## WORK ITEM
Only certain lines below are wanted: those starting at the line containing "該項目重難點主要體現在以下幾" and ending at the line containing "Alfombra de baño de", both included, each retyped exactly.

[ENTRIES PROVIDED — start]

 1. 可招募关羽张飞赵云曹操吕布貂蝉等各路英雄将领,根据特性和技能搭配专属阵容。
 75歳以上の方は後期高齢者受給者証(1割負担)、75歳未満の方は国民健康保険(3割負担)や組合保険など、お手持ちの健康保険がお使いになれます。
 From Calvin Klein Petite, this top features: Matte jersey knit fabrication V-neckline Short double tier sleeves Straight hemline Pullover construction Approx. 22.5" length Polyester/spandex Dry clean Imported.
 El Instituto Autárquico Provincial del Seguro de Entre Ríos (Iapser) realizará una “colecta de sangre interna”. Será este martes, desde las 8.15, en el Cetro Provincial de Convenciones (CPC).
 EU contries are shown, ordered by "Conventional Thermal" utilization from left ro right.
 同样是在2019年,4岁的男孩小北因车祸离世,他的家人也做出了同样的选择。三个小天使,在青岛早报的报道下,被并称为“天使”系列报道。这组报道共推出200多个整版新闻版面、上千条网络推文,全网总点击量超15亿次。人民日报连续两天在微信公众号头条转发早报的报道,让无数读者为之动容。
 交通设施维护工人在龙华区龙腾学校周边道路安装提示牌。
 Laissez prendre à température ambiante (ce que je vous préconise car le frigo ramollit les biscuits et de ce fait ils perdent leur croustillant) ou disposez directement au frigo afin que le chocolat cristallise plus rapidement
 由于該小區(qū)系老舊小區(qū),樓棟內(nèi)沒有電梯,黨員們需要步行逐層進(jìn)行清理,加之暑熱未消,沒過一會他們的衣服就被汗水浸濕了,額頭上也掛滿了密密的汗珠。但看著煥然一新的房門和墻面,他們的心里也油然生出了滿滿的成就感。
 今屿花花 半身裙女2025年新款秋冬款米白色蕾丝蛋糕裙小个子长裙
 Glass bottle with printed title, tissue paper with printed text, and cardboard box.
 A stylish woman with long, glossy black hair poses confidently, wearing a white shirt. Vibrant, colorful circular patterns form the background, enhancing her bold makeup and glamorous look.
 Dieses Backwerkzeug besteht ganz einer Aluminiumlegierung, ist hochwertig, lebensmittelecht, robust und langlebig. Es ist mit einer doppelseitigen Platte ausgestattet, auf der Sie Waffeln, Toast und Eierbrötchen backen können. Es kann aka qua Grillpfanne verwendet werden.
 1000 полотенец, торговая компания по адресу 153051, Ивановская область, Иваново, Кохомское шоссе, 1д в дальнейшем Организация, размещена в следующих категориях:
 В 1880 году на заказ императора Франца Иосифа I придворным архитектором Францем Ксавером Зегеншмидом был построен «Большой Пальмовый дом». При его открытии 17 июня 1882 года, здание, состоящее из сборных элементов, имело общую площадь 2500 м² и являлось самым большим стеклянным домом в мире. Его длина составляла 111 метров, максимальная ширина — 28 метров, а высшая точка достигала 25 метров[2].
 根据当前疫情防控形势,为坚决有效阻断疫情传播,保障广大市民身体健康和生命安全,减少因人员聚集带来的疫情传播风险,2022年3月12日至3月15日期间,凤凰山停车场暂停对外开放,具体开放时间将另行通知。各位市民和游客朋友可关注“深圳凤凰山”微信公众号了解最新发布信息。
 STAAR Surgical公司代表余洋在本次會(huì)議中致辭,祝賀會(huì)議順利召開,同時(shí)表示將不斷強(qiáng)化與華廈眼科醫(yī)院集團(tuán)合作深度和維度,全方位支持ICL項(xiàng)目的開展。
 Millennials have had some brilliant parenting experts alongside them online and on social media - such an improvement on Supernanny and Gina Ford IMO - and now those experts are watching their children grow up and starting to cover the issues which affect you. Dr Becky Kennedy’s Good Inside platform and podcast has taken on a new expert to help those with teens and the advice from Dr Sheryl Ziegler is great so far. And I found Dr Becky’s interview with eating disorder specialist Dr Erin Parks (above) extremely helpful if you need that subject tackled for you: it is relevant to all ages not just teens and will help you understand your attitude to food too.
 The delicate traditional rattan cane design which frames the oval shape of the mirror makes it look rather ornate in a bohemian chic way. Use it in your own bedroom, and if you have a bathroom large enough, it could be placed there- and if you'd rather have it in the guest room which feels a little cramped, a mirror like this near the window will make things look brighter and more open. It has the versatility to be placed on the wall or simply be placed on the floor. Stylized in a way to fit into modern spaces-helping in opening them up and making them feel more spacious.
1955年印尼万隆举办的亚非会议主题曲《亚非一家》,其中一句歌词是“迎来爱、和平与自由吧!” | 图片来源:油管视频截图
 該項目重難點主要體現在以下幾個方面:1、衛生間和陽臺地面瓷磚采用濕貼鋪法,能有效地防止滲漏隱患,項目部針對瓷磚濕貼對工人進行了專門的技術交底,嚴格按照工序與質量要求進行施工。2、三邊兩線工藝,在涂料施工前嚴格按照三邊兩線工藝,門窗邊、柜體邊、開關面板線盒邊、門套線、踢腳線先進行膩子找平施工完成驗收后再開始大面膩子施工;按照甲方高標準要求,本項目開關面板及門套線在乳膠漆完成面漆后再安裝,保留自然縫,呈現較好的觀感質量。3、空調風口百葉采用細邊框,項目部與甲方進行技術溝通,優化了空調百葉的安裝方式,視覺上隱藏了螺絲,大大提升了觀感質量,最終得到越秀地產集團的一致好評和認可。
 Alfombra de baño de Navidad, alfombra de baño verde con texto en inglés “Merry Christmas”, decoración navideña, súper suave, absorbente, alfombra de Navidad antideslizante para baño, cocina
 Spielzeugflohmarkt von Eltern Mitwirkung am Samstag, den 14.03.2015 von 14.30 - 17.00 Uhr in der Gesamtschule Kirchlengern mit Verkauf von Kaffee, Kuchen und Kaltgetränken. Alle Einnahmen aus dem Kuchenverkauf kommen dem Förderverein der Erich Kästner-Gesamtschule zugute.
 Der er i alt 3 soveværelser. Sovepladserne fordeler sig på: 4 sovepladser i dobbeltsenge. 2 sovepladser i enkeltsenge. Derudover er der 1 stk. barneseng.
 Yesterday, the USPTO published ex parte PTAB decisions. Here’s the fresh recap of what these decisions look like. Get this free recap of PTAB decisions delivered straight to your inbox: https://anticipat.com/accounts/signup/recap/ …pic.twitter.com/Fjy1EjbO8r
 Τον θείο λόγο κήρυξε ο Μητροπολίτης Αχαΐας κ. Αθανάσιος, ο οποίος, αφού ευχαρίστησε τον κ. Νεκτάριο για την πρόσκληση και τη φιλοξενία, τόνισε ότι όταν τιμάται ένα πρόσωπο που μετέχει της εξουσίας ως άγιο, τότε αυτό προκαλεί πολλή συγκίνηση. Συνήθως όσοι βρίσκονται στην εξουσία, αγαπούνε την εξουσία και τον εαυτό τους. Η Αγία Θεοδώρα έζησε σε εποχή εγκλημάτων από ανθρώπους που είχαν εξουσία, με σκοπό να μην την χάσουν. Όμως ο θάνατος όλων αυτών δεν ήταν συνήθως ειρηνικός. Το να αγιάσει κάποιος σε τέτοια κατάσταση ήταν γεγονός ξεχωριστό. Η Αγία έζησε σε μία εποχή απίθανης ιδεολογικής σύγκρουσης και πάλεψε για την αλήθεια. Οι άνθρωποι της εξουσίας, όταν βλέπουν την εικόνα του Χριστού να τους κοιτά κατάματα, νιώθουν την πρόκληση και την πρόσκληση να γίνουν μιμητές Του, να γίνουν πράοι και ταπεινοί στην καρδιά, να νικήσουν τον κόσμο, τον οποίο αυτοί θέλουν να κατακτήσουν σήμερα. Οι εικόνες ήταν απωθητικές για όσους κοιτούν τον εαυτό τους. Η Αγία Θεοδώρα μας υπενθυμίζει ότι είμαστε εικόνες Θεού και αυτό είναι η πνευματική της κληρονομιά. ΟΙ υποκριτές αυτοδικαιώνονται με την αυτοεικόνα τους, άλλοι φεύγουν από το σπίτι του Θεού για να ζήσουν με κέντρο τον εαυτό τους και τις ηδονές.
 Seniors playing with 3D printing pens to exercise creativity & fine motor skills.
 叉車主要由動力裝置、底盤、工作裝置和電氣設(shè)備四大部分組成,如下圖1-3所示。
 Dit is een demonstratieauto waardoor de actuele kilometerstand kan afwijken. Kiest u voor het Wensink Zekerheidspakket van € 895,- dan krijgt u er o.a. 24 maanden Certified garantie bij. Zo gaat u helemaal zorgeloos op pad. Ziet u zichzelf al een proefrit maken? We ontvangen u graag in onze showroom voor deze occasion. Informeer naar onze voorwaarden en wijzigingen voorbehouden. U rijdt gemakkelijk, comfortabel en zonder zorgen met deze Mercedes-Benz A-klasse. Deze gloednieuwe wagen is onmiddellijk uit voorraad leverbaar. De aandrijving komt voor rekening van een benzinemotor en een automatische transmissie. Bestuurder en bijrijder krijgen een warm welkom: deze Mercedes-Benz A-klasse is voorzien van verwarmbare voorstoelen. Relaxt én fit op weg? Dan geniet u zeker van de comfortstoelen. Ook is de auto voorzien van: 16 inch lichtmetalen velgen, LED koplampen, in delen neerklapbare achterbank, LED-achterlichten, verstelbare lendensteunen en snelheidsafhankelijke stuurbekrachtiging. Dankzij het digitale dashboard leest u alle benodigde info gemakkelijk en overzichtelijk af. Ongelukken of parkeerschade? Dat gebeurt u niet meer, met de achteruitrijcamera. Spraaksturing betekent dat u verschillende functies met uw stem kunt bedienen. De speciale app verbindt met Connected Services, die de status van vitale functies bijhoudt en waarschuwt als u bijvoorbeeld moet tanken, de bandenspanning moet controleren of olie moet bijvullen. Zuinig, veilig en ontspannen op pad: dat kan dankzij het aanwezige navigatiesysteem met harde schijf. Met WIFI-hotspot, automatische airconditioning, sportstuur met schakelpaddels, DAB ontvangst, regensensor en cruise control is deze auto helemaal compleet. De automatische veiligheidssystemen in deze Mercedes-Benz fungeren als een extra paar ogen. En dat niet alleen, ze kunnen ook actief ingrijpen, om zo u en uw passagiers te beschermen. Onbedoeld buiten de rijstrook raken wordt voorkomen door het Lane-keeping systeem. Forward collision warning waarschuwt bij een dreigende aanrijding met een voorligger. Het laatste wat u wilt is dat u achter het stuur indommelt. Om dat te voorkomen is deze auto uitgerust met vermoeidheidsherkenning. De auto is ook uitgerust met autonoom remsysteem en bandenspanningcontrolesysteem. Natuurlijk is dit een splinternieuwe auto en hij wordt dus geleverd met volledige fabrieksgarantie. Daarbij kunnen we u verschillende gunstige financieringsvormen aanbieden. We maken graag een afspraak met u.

[ENTRIES PROVIDED — finish]

## ANSWER FOR THIS EXERCISE
 該項目重難點主要體現在以下幾個方面:1、衛生間和陽臺地面瓷磚采用濕貼鋪法,能有效地防止滲漏隱患,項目部針對瓷磚濕貼對工人進行了專門的技術交底,嚴格按照工序與質量要求進行施工。2、三邊兩線工藝,在涂料施工前嚴格按照三邊兩線工藝,門窗邊、柜體邊、開關面板線盒邊、門套線、踢腳線先進行膩子找平施工完成驗收后再開始大面膩子施工;按照甲方高標準要求,本項目開關面板及門套線在乳膠漆完成面漆后再安裝,保留自然縫,呈現較好的觀感質量。3、空調風口百葉采用細邊框,項目部與甲方進行技術溝通,優化了空調百葉的安裝方式,視覺上隱藏了螺絲,大大提升了觀感質量,最終得到越秀地產集團的一致好評和認可。
 Alfombra de baño de Navidad, alfombra de baño verde con texto en inglés “Merry Christmas”, decoración navideña, súper suave, absorbente, alfombra de Navidad antideslizante para baño, cocina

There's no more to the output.